» INFORMATION SUPPLIED

• • •

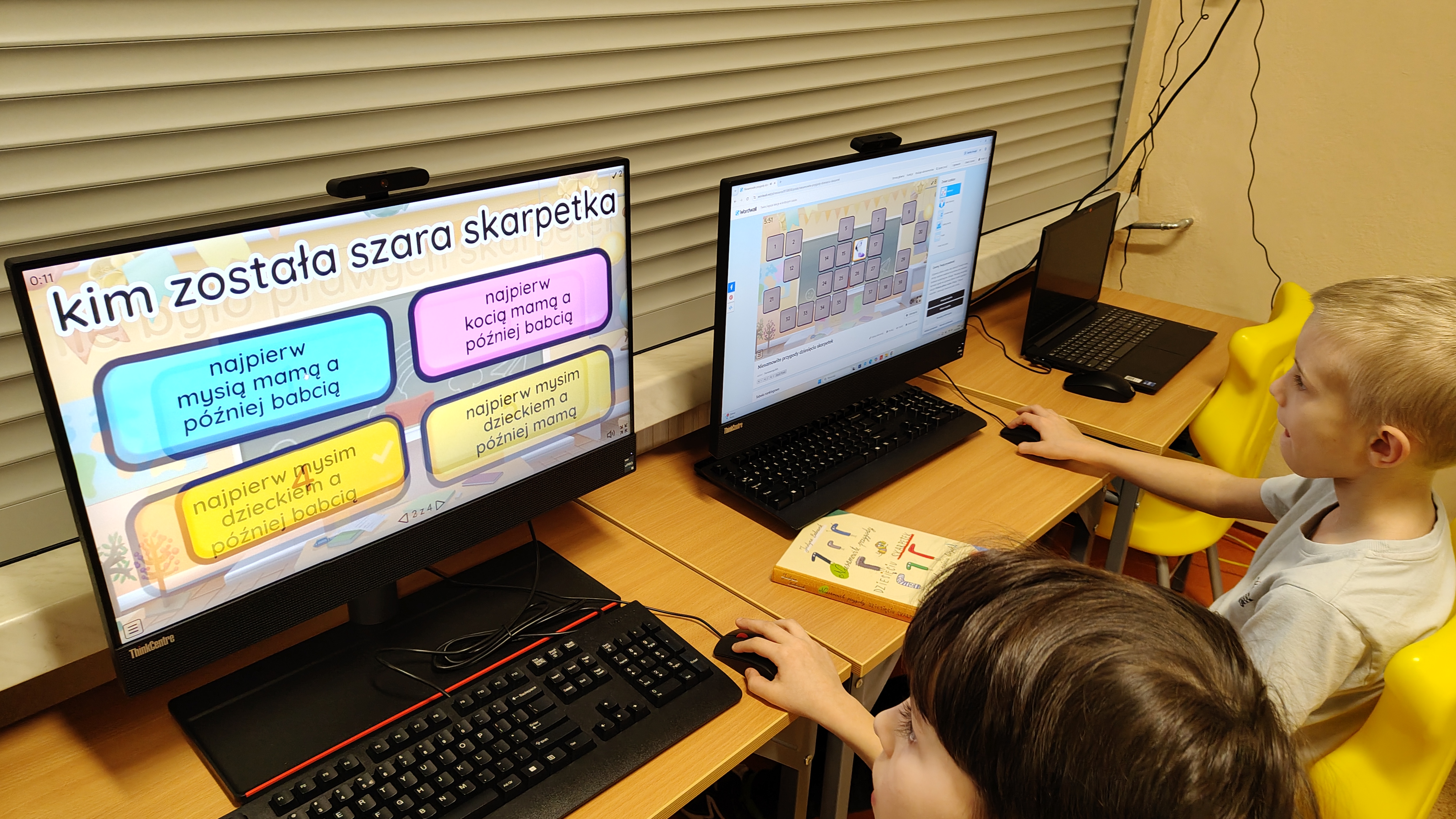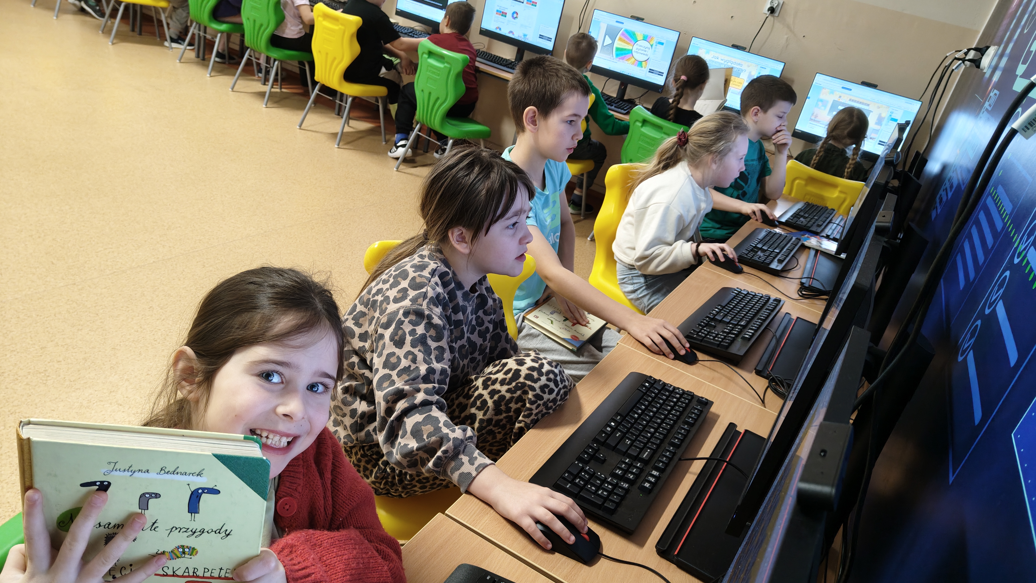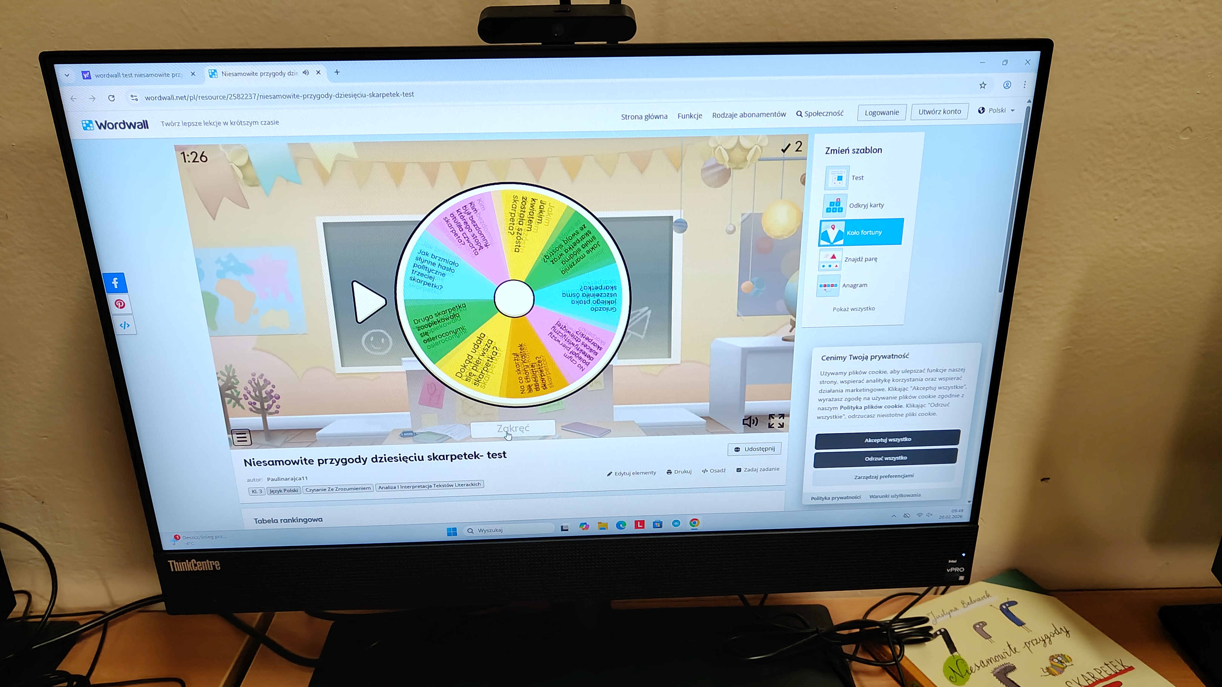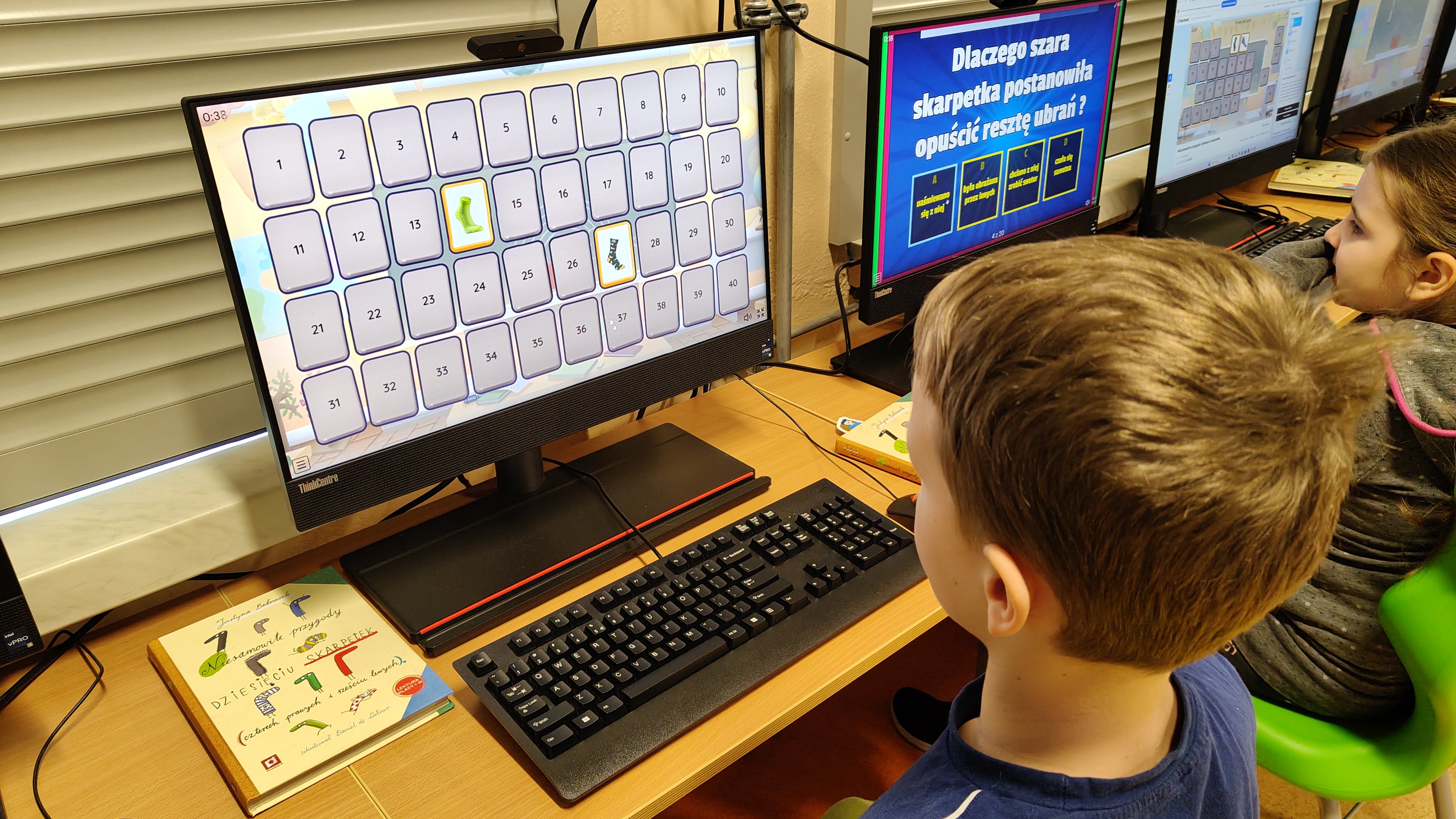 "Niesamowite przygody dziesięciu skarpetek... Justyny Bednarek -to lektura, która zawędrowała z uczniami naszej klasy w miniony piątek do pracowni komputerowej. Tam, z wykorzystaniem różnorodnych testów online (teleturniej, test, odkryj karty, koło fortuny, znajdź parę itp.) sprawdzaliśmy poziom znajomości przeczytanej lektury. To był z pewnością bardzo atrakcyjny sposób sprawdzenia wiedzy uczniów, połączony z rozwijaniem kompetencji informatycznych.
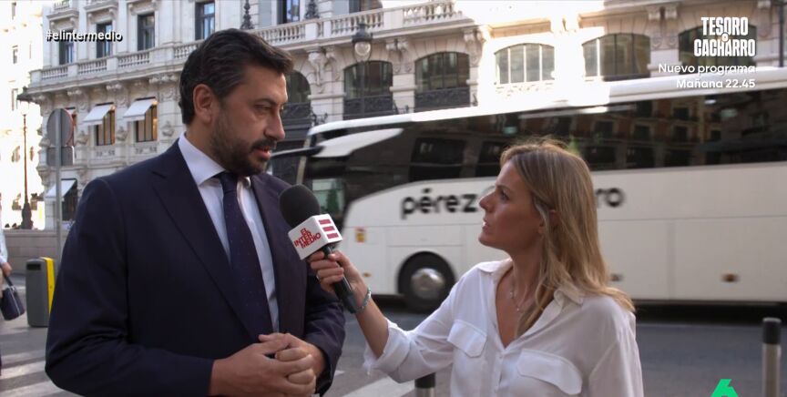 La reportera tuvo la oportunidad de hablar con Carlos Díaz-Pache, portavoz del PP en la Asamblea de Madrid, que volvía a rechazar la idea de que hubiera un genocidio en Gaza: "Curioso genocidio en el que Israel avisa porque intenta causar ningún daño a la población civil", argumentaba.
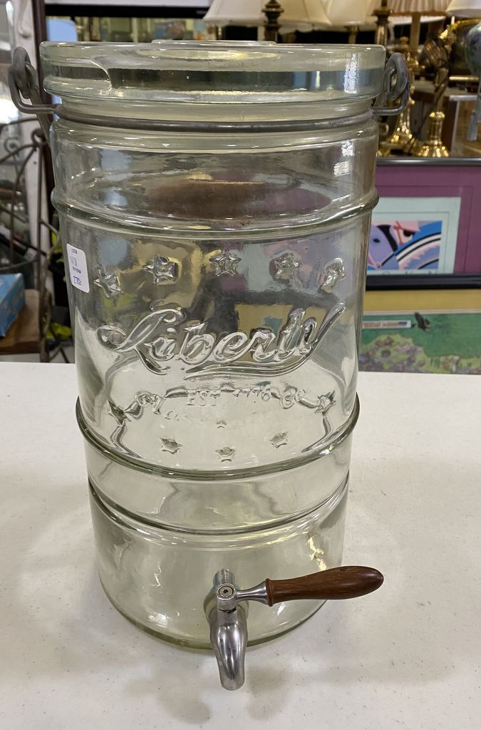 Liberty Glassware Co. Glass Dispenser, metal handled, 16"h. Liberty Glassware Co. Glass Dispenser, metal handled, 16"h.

• • •

» WORK REQUEST
I would like the data copied exactly as it stands, with no pictures included.

» SOLUTION TO THIS PROBLEM
 "Niesamowite przygody dziesięciu skarpetek... Justyny Bednarek -to lektura, która zawędrowała z uczniami naszej klasy w miniony piątek do pracowni komputerowej. Tam, z wykorzystaniem różnorodnych testów online (teleturniej, test, odkryj karty, koło fortuny, znajdź parę itp.) sprawdzaliśmy poziom znajomości przeczytanej lektury. To był z pewnością bardzo atrakcyjny sposób sprawdzenia wiedzy uczniów, połączony z rozwijaniem kompetencji informatycznych.
 La reportera tuvo la oportunidad de hablar con Carlos Díaz-Pache, portavoz del PP en la Asamblea de Madrid, que volvía a rechazar la idea de que hubiera un genocidio en Gaza: "Curioso genocidio en el que Israel avisa porque intenta causar ningún daño a la población civil", argumentaba.
 Liberty Glassware Co. Glass Dispenser, metal handled, 16"h. Liberty Glassware Co. Glass Dispenser, metal handled, 16"h.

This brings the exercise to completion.